───── Recorded information

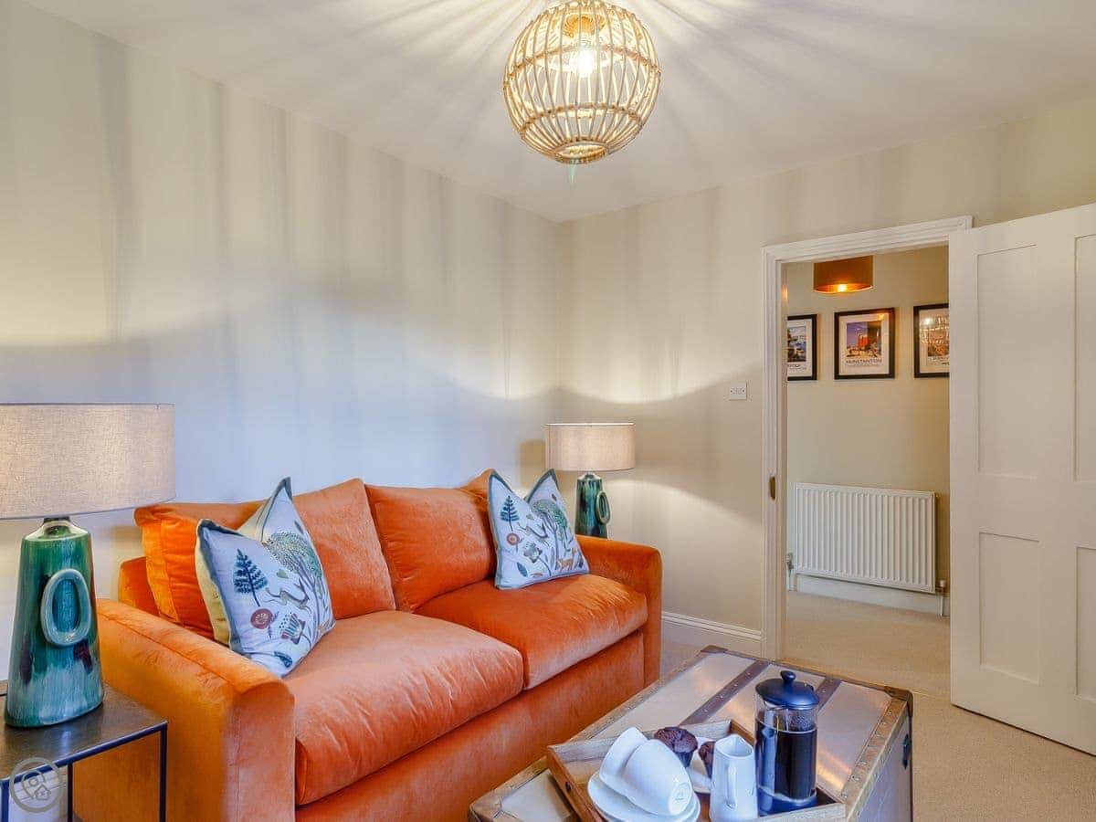 It's got a 5 Star rating. That means it's been finished to a high standard. The owners use it themselves, so it's well looked after. There are two sitting rooms. One has a sofa bed. The kitchen is a good size. The dining area has doors that open to the garden. The garden is enclosed and private.
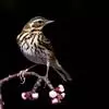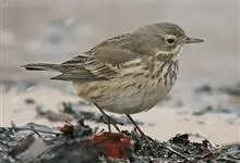 粉红胸鹨:属小型鸣禽,体重18-27克,体长13-18厘米。非繁殖期粉皮黄色的粗眉线明显,背灰而具黑色粗纵纹,胸及两胁具浓密的黑色点斑或纵纹。虹膜暗褐色;嘴黑褐色;下嘴基部色较淡,呈角褐色;跗蹠和趾…全部>>
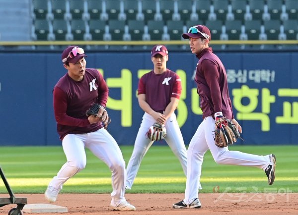 25일 서울 잠실야구장에서 열린 ‘2022 신한은행 SOL KBO리그’ 플레이오프 2차전 LG 트윈스와 키움 히어로즈의 경기에 앞서 키움 김휘집과 김혜성이 수비 훈련을 하고 있다.
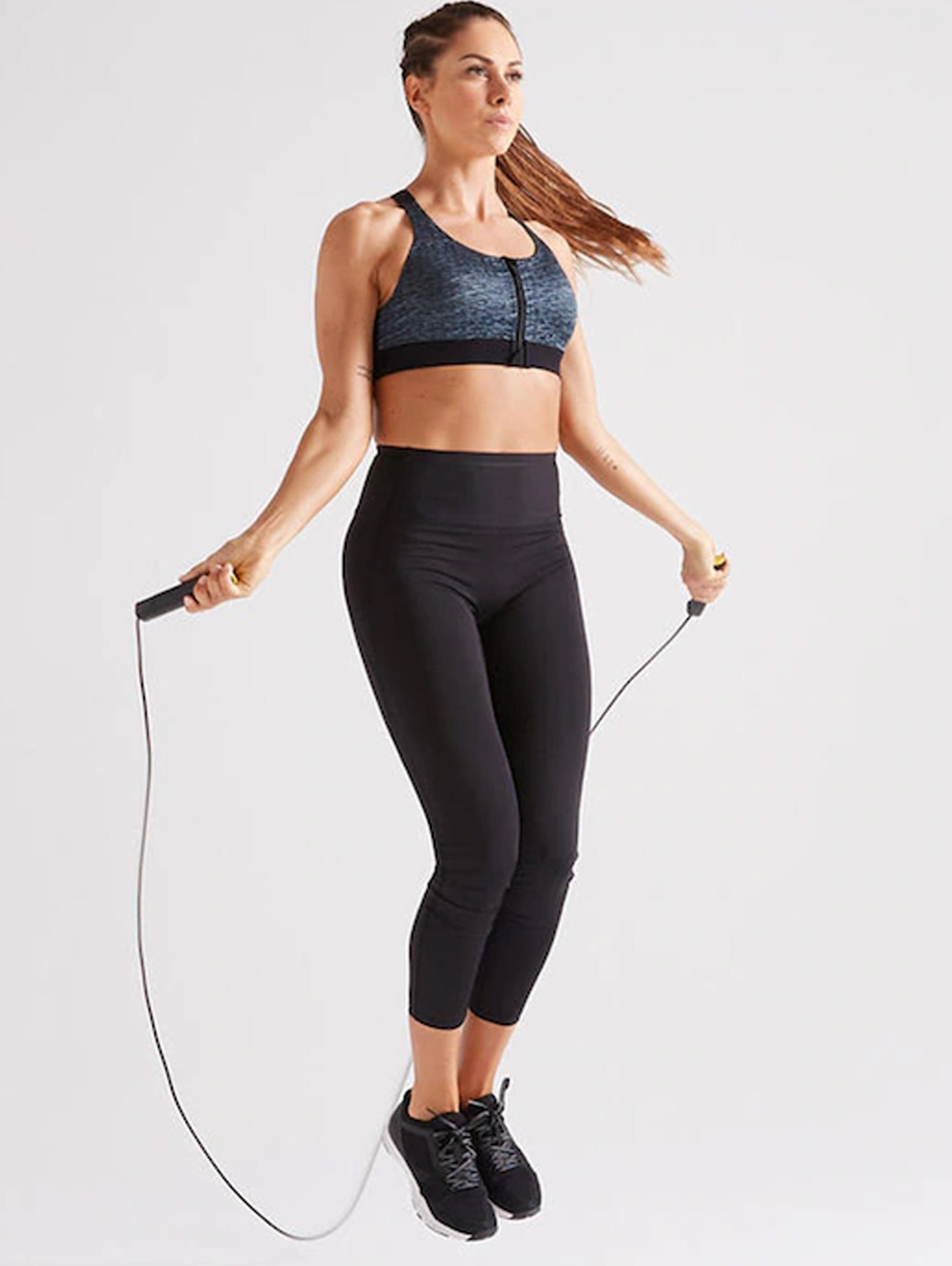 Black solid full-coverage Workout bra Non Padded and Non-Wired seamless cups Halter straps and front closure Back style: Racerback Feature: All Day Comfort

──────────

* About this task
Whenever images occur above, omit them and retype each line exactly as it stands.

* Solution to this task
 It's got a 5 Star rating. That means it's been finished to a high standard. The owners use it themselves, so it's well looked after. There are two sitting rooms. One has a sofa bed. The kitchen is a good size. The dining area has doors that open to the garden. The garden is enclosed and private.
 粉红胸鹨:属小型鸣禽,体重18-27克,体长13-18厘米。非繁殖期粉皮黄色的粗眉线明显,背灰而具黑色粗纵纹,胸及两胁具浓密的黑色点斑或纵纹。虹膜暗褐色;嘴黑褐色;下嘴基部色较淡,呈角褐色;跗蹠和趾…全部>>
 25일 서울 잠실야구장에서 열린 ‘2022 신한은행 SOL KBO리그’ 플레이오프 2차전 LG 트윈스와 키움 히어로즈의 경기에 앞서 키움 김휘집과 김혜성이 수비 훈련을 하고 있다.
 Black solid full-coverage Workout bra Non Padded and Non-Wired seamless cups Halter straps and front closure Back style: Racerback Feature: All Day Comfort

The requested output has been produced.